PROBLEM TO WORK ON. Once "Este pacote inclui" turns up in a line below, reproduce that line and those after it exactly, stopping after the line with "- Separate crossmember"; leave pictures out.

═══ DATA FOR REVIEW ═══

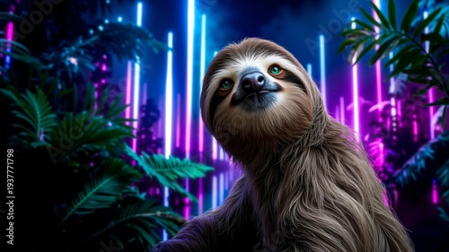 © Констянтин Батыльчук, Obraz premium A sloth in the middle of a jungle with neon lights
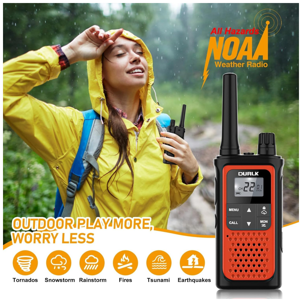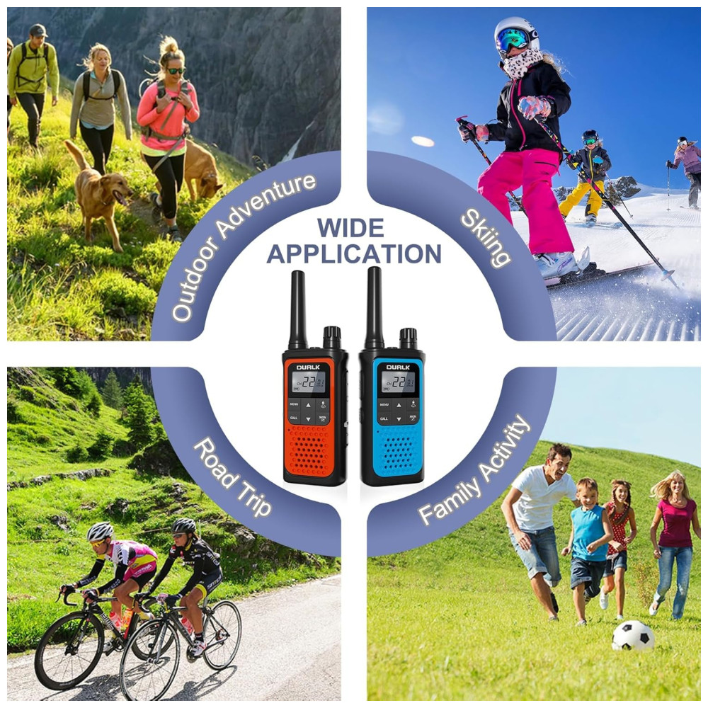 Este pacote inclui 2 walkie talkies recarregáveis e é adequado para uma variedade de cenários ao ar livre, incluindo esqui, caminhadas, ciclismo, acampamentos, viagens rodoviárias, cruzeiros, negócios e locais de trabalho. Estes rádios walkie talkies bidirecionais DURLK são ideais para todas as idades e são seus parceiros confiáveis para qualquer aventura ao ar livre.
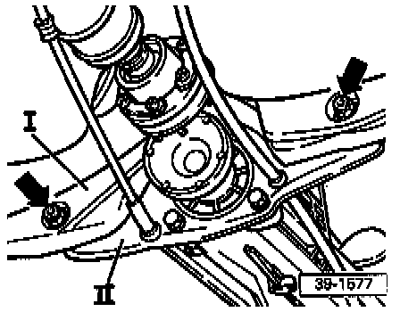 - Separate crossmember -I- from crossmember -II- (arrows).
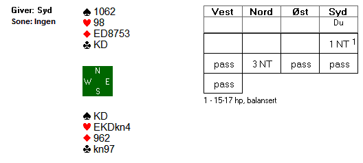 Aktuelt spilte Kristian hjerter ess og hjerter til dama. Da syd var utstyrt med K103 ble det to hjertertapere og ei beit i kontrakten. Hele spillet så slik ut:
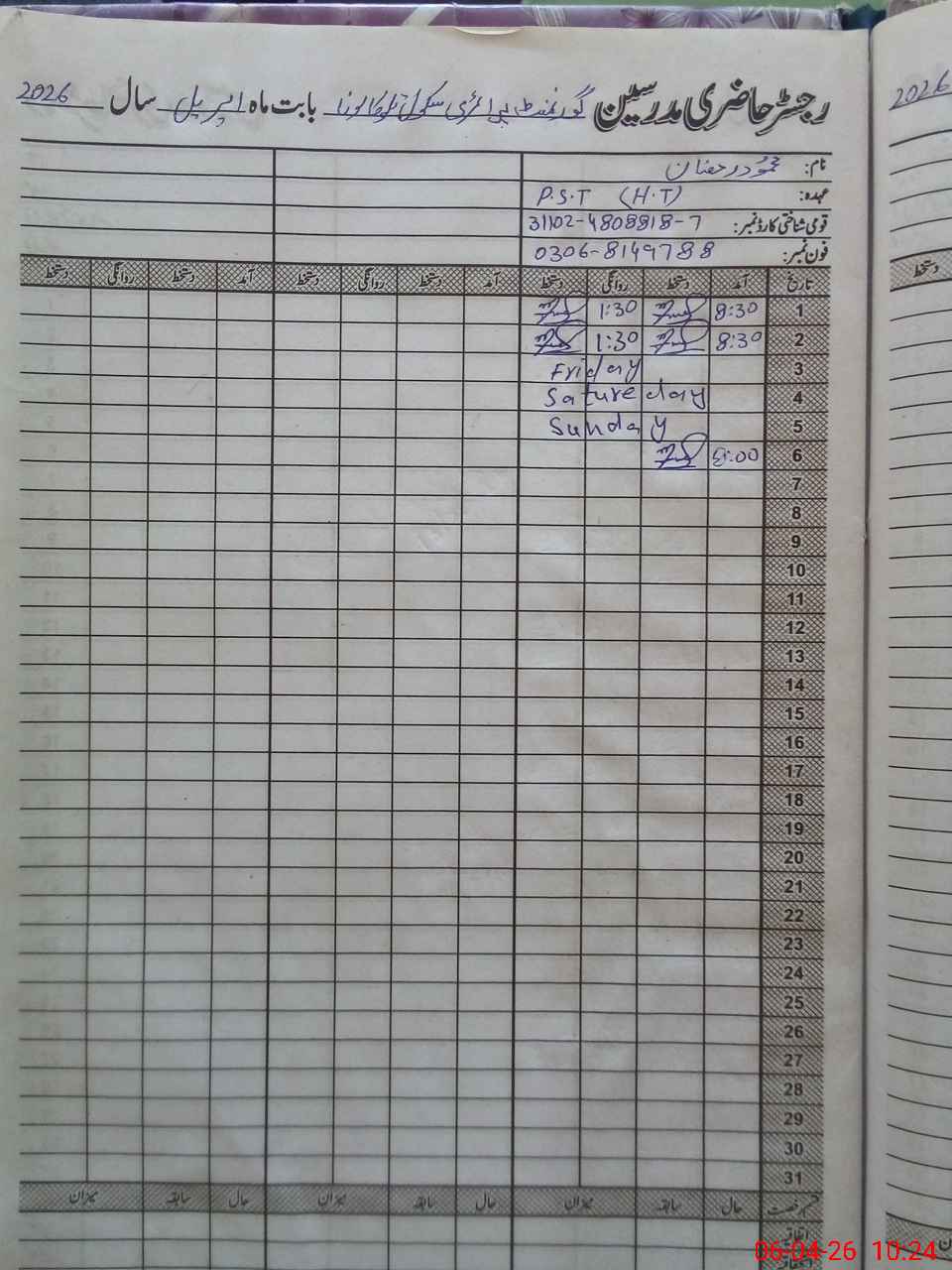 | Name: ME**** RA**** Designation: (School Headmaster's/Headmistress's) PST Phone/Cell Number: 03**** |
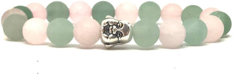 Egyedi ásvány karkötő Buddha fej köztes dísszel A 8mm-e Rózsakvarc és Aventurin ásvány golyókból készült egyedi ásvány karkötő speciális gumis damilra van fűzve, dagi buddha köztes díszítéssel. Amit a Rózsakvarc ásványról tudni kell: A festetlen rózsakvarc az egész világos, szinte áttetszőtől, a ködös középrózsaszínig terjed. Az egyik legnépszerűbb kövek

═══

RESULT.
 Este pacote inclui 2 walkie talkies recarregáveis e é adequado para uma variedade de cenários ao ar livre, incluindo esqui, caminhadas, ciclismo, acampamentos, viagens rodoviárias, cruzeiros, negócios e locais de trabalho. Estes rádios walkie talkies bidirecionais DURLK são ideais para todas as idades e são seus parceiros confiáveis para qualquer aventura ao ar livre.
 - Separate crossmember -I- from crossmember -II- (arrows).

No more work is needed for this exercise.